Coyne does have hard evidence for that, just as evolution theory has overwhelming supporting evidence in its favor, right? The above ain't just pure speculation on his or his church's part, right?

Friday, 18 November 2005

Kansas: setting the standard for progress

It's Kansas again, the state wallowing somewhere between the 13th and 14th century (now, was that CE or BCE?). It's trying to make up its mind what the word "science" means:

The changes in the official state definition are subtle and lawyerly, and involve mainly the removal of two words: "natural explanations." But they are a red flag to scientists, who say the changes obliterate the distinction between the natural and the supernatural that goes back to Galileo and the foundations of science.

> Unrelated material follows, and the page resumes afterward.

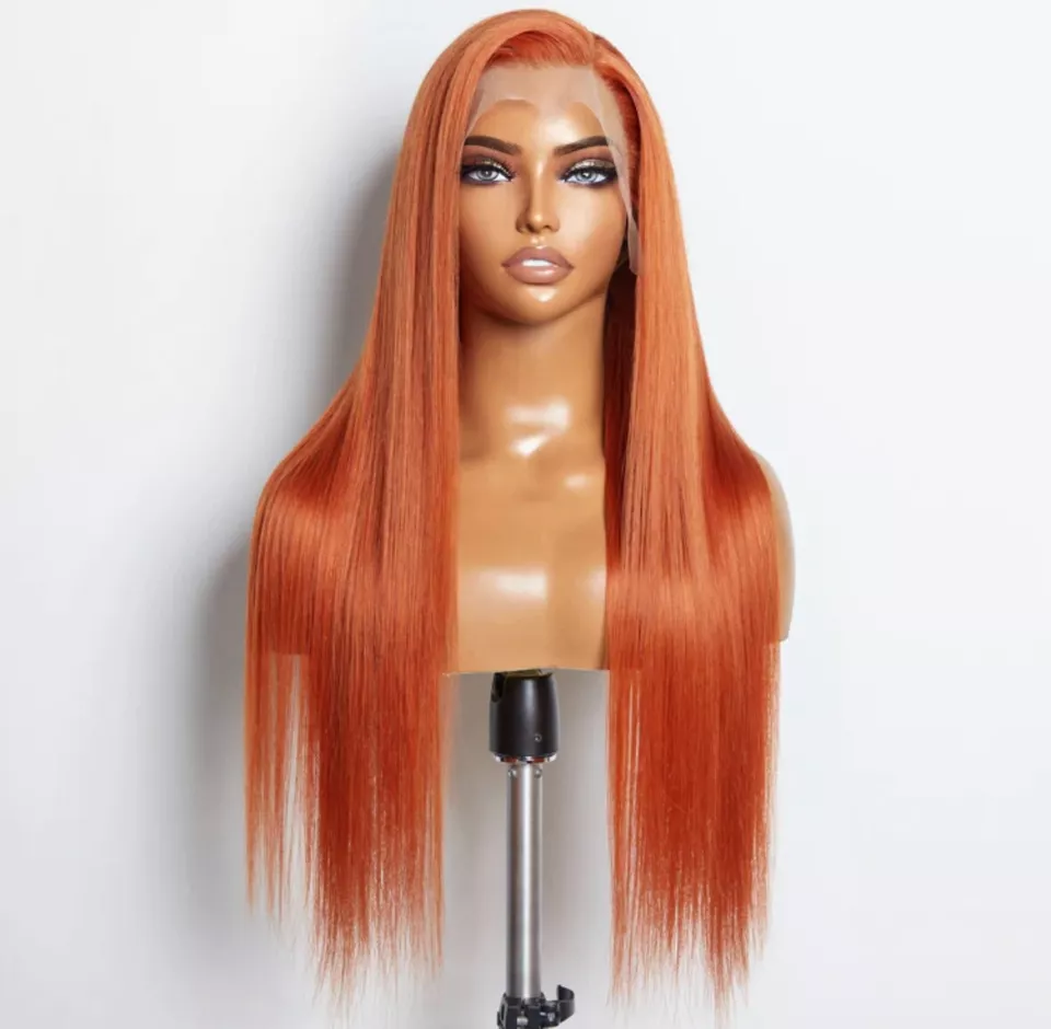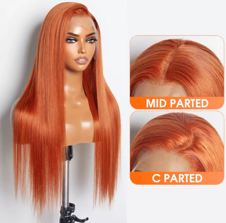 - Orange Ginger Lace Front Wig Human Hair Material】100% Unprocessed 10A Grade Brazilian Virgin Human Hair Lace Front Wig, Cut from Healthy Young Female Head Directly, Natural and Healthy, Smooth and Silky.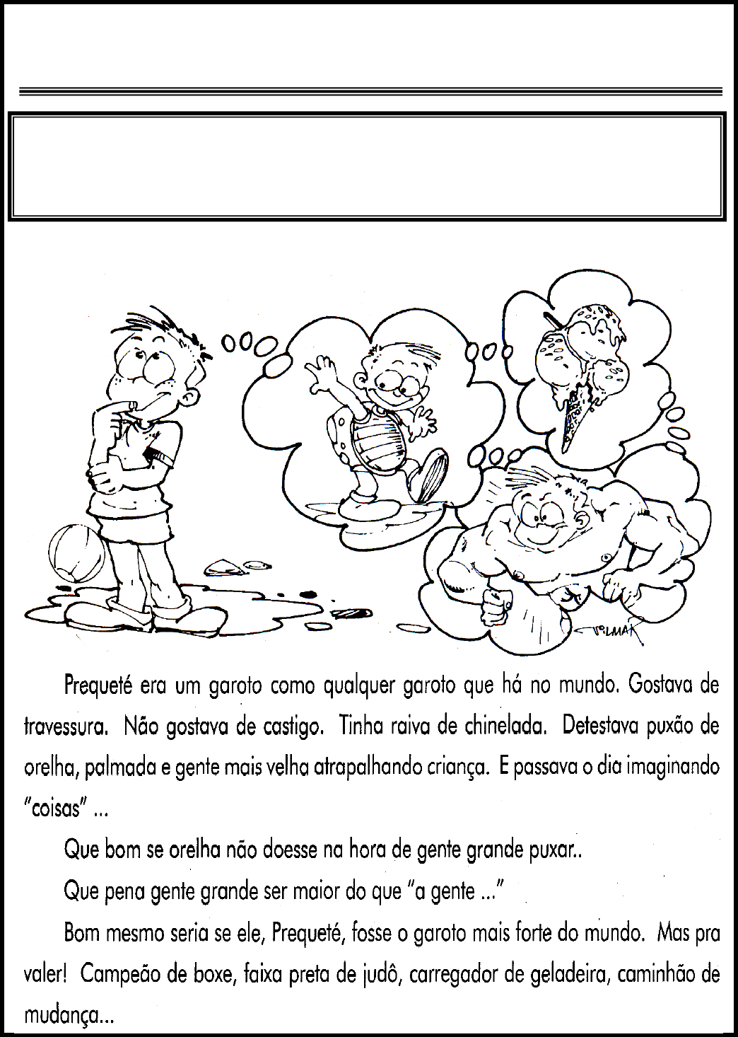 Escola Municipal Monteiro Lobato 2º Ciclo Intermediário - Português Leia o texto e conheça o Prequeté. � � “ A imaginação tem o poder de transformar todos os nossos desejos em realidade. E era isso que Prequeté fazia. Passava o dia imaginando coisas...” � � Escola Municipal Monteiro Lobato 2º Ciclo Intermediário - Português 1) De onde essa história foi tirada? Quem a escreveu? 2) Qual é o objetivo principal do autor no texto? 3) Escreva um título para a história. Justifique. 4) Quais as principais características de Prequeté? 5) O autor afirma: “Prequeté é um garoto como qualquer garoto que há no mundo.” Você concorda com essa afirmativa? Por quê? 6) Por que Prequeté queria ser o garoto mais forte do mundo? 7) Por que Prequeté levava desvantagem na hora das brigas? Quais eram as conseqüências, para ele, dessas brigas? 8) O que você considera “coisas boas da vida”? 9) Muitas coisas incomodavam Prequeté; uma delas era apanhar. E você? Quais são as coisas que mais o incomodam?

The old definition reads in part, "Science is the human activity of seeking natural explanations for what we observe in the world around us." The new one calls science "a systematic method of continuing investigation that uses observation, hypothesis testing, measurement, experimentation, logical argument and theory building to lead to more adequate explanations of natural phenomena."

Adrian Melott, a physics professor at the University of Kansas who has long been fighting Darwin's opponents, said, "The only reason to take out 'natural explanations' is if you want to open the door to supernatural explanations."

Gerald Holton, a professor of the history of science at Harvard, said removing those two words and the framework they set means "anything goes."

...

The scientist's job description, said Steven Weinberg, a physicist and Nobel laureate at the University of Texas, is to search for natural explanations, just as a mechanic looks for mechanical reasons why a car won't run.

...

One thing scientists agree on ... is that the requirement of testability excludes supernatural explanations. The supernatural, by definition, does not have to follow any rules or regularities, so it cannot be tested. "The only claim regularly made by the pro-science side is that supernatural explanations are empty," Dr. [James Robert Brown, a philosopher of science at the University of Toronto,] said.
(Philosophers Notwithstanding, Kansas School Board Redefines Science)


And they are empty because they cannot be tested/falsified and therefore can neither be confirmed nor disconfirmed. When something cannot be dis/confirmed, then it is useless to furthering our understanding and knowledge--which is what science is all about. Supernatural explanations summarily put an end to further investigation--they're "science stoppers" (philosopher Michael Martin's term). When one claims, "God did it!" there is no way to test whether that is true or not. There is no condition for which it can be falsified, since various illicit ad hoc explanations can be posited ad infinitum to explain away any potential confuting results. Thus, it is an empty statement. At most "God did it" can merely be a belief--a lame one at that. If we were to accept that phenomenon Y was brought about supernaturally, then there is nothing more to investigate. There would be no science. And yet if humanity had accepted that explanation for lightning, the sun's heat, hurricanes, earthquakes, and anything else that was once mind-boggling, we would not have understood what these phenomena are. The search for natural explanations has been the most successful epistemic avenue for humanity. The supernaturalistic boulevard, around for thousands of years, has led nowhere epistemically. There is not a single supernatural premise that is known to be true (any supernatural belief is premised upon the existence of the supernatural--yet this root premise is not known to be true, it has not been empirically shown to be true; therefore, any conclusions derived from it cannot be known to be true)

As Holton above states, what the Kansas redefinition is foreshadowing, is an anything goes runaway train. And one heck of a sorry farce should it come to pass. This resurgence of creationism--which has evolved into the third of its species--is a blight that will be remembered by future Americans as yet another blackhole in their country's intellectual history.

 

Shoot! It just occured to me. I live on the corner of Kansas St.! Hmmm, I wonder how many years I'll spend in my new  address if I take down the street signs.